(Collected data)
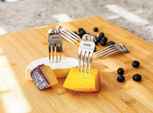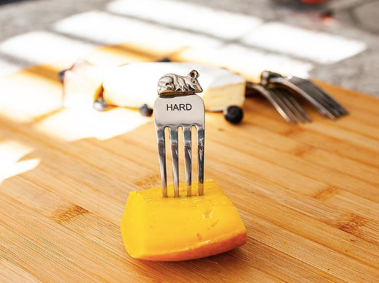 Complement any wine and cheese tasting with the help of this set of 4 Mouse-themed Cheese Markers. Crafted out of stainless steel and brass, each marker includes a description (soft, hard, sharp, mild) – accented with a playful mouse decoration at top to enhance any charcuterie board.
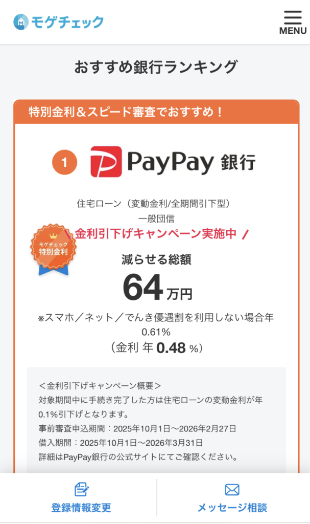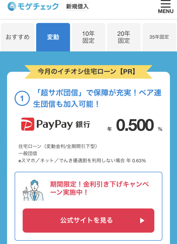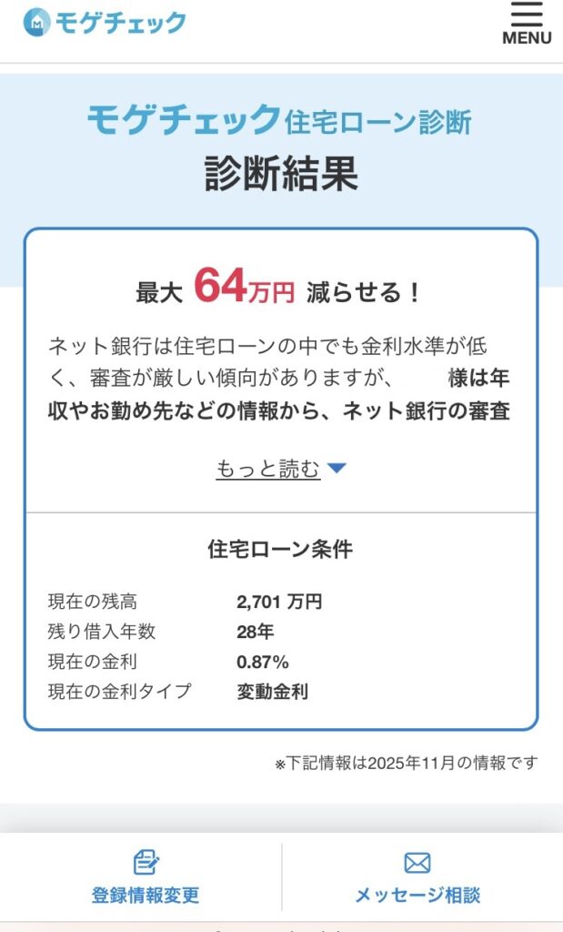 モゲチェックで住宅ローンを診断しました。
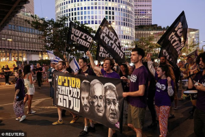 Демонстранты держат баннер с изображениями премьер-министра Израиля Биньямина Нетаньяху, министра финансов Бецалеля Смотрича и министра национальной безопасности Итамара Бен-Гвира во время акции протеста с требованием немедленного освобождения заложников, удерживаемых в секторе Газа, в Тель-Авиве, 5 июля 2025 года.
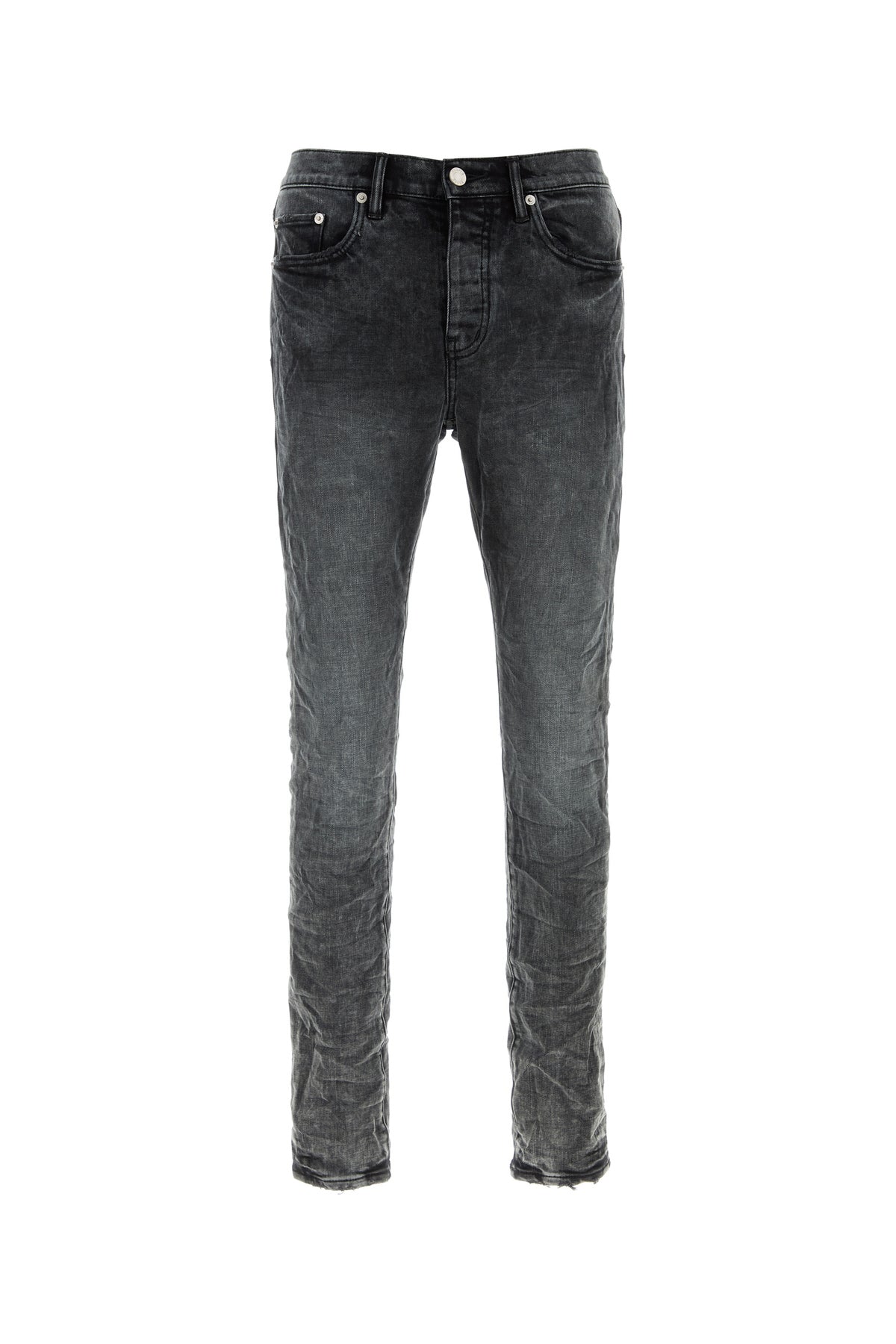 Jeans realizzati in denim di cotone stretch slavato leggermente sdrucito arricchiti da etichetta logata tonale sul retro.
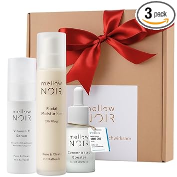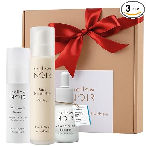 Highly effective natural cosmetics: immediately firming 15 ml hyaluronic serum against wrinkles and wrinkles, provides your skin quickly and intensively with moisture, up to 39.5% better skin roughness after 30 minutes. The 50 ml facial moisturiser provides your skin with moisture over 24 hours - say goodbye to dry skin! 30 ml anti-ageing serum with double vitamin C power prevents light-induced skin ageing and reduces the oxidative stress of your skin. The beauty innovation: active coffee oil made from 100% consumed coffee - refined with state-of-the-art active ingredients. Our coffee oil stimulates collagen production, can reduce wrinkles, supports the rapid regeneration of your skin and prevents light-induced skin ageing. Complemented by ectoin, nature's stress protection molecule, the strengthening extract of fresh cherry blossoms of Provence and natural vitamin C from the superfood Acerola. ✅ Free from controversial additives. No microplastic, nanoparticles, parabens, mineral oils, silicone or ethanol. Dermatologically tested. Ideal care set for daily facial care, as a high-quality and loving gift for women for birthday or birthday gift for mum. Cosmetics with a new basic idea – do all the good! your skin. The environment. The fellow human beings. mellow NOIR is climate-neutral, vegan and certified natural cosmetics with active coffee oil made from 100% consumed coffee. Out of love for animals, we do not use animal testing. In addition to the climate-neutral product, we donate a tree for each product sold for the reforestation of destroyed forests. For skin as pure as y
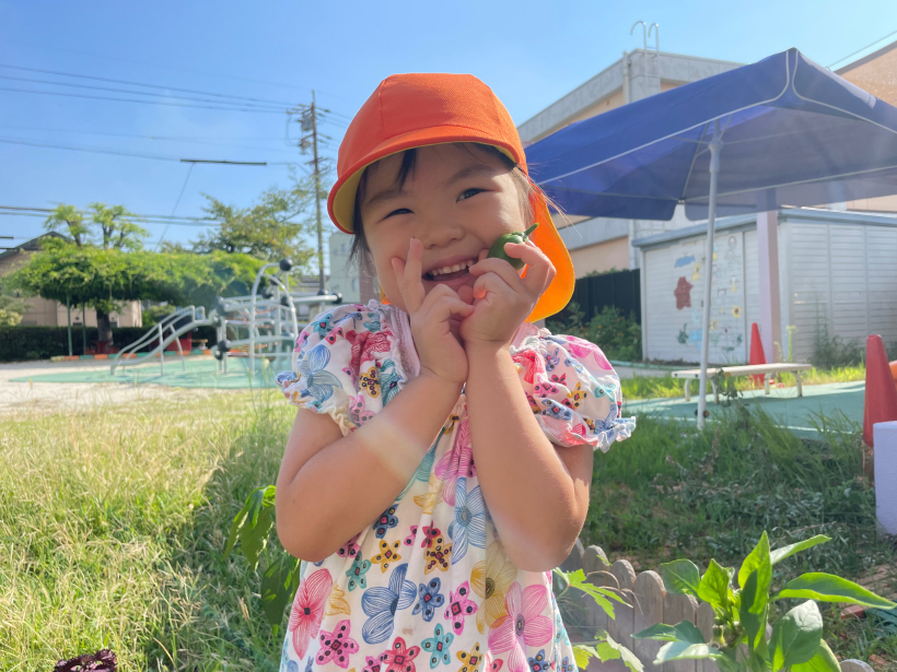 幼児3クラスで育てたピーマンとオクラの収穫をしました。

__Problem__: Print the lines from the beginning of the records up to and including the line containing "Jeans realizzati in", word for word, with no pictures.

__Reply__:
 Complement any wine and cheese tasting with the help of this set of 4 Mouse-themed Cheese Markers. Crafted out of stainless steel and brass, each marker includes a description (soft, hard, sharp, mild) – accented with a playful mouse decoration at top to enhance any charcuterie board.
 モゲチェックで住宅ローンを診断しました。
 Демонстранты держат баннер с изображениями премьер-министра Израиля Биньямина Нетаньяху, министра финансов Бецалеля Смотрича и министра национальной безопасности Итамара Бен-Гвира во время акции протеста с требованием немедленного освобождения заложников, удерживаемых в секторе Газа, в Тель-Авиве, 5 июля 2025 года.
 Jeans realizzati in denim di cotone stretch slavato leggermente sdrucito arricchiti da etichetta logata tonale sul retro.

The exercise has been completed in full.